2. Create Conda Environment

Note

This step can be skipped if you already have Python 3.10 and Poetry installed on your machine.

If you don’t have conda installed, follow the instructions from the official documentation.

# Create environment
conda env create -f environment.yml

# Activate environment
conda activate cellmil

3. Install Python Dependencies

poetry install

Note

Poetry will install PyTorch with CUDA 11.8 support. If you have a GPU with an older CUDA version, install PyTorch manually first before running poetry install. Visit pytorch.org to get the correct command for your system.

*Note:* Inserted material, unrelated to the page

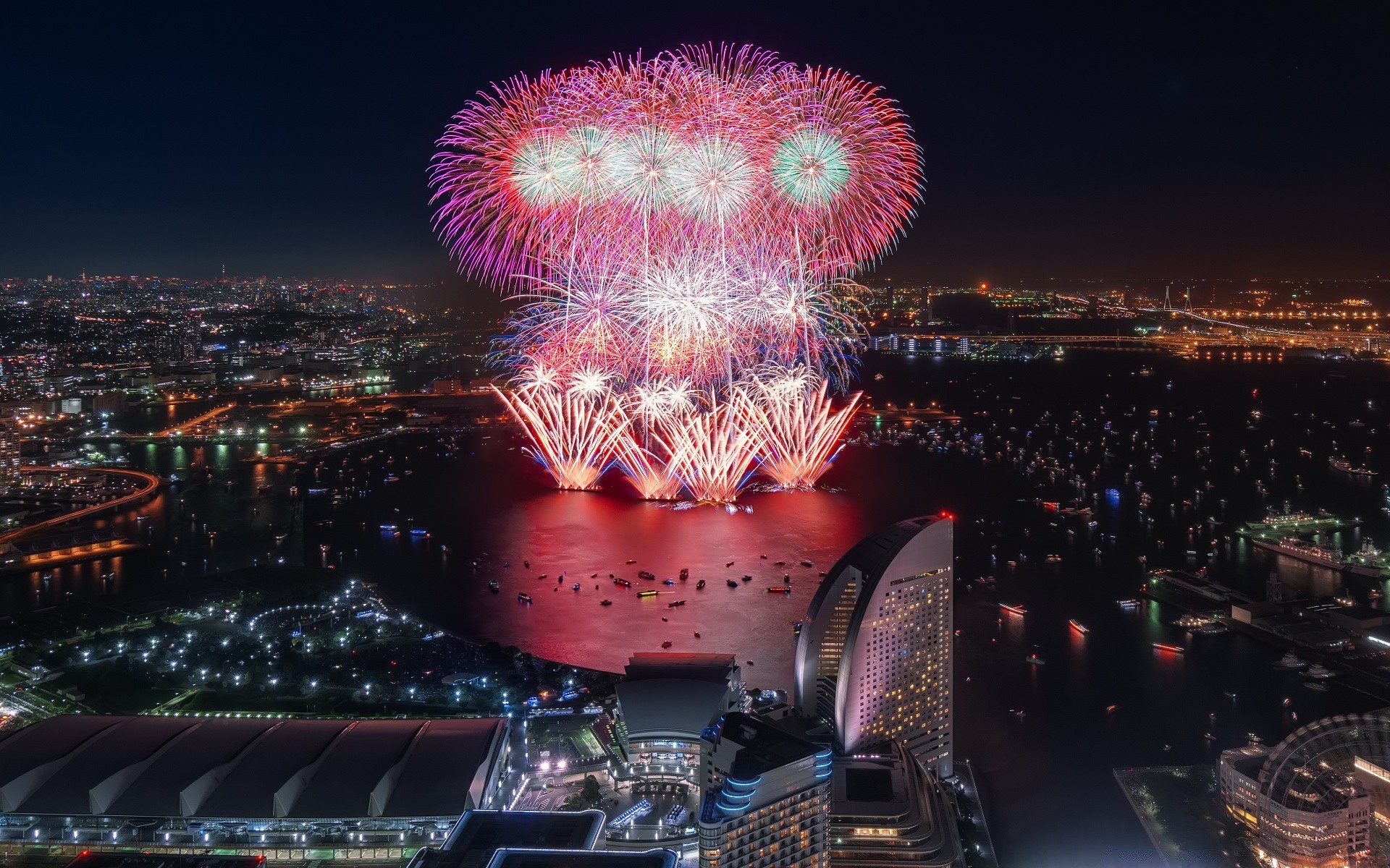Piękne fajerwerki w wieczornym mieście zachwycają
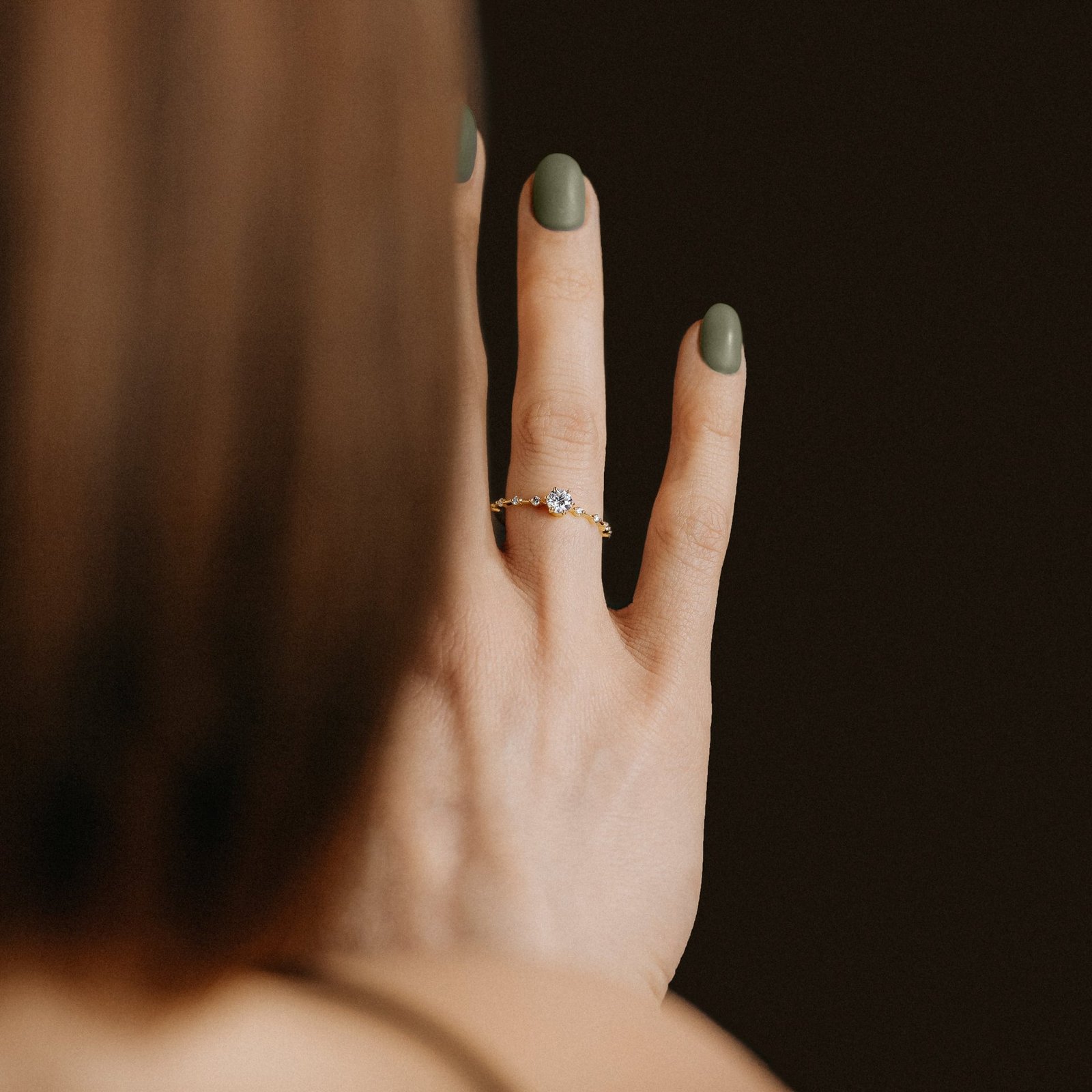 The Diamond Distance Ring is a beautiful and contemporary redefinition of the traditional engagement ring, made to symbolize the journey and connection of two souls. With spectacular moissanite diamonds, this ring promises brilliance and fire similar to those of natural diamonds, hence an exceptional choice for the special moment.

4. Install Additional Dependencies

# Pyradiomics (incompatible with Poetry resolver)
pip install pyradiomics

Note

Optional: Install cucim for GPU-accelerated image loading from their official documentation

Verification

To verify that the installation was successful, try running:

# Check if the CLI tools are available
patch_extraction --help

You should see help messages for each command without any errors.

GPU Support

For optimal performance, especially when working with deep learning models, GPU support is highly recommended:

  1. NVIDIA GPU: Ensure you have a CUDA-compatible NVIDIA GPU

  2. CUDA Drivers: Install the latest NVIDIA drivers

  3. PyTorch with CUDA: Install PyTorch with the correct CUDA version

To verify GPU support:

import torch
print(f"CUDA available: {torch.cuda.is_available()}")

Troubleshooting

Common Issues

Windows DataLoader Workers

If you encounter errors or duplicate runs, Windows may have issues with num_workers in DataLoader.

Solution: Comment out all num_workers arguments in the codebase.

PyTorch Geometric Libraries

Errors with torch-sparse, torch-scatter, or pyg-lib may occur due to pre-built binary incompatibilities.

Note

This is only necessary if your GPU has a CUDA version older than 11.8 or you are experiencing specific errors. Otherwise, the default installation should work fine.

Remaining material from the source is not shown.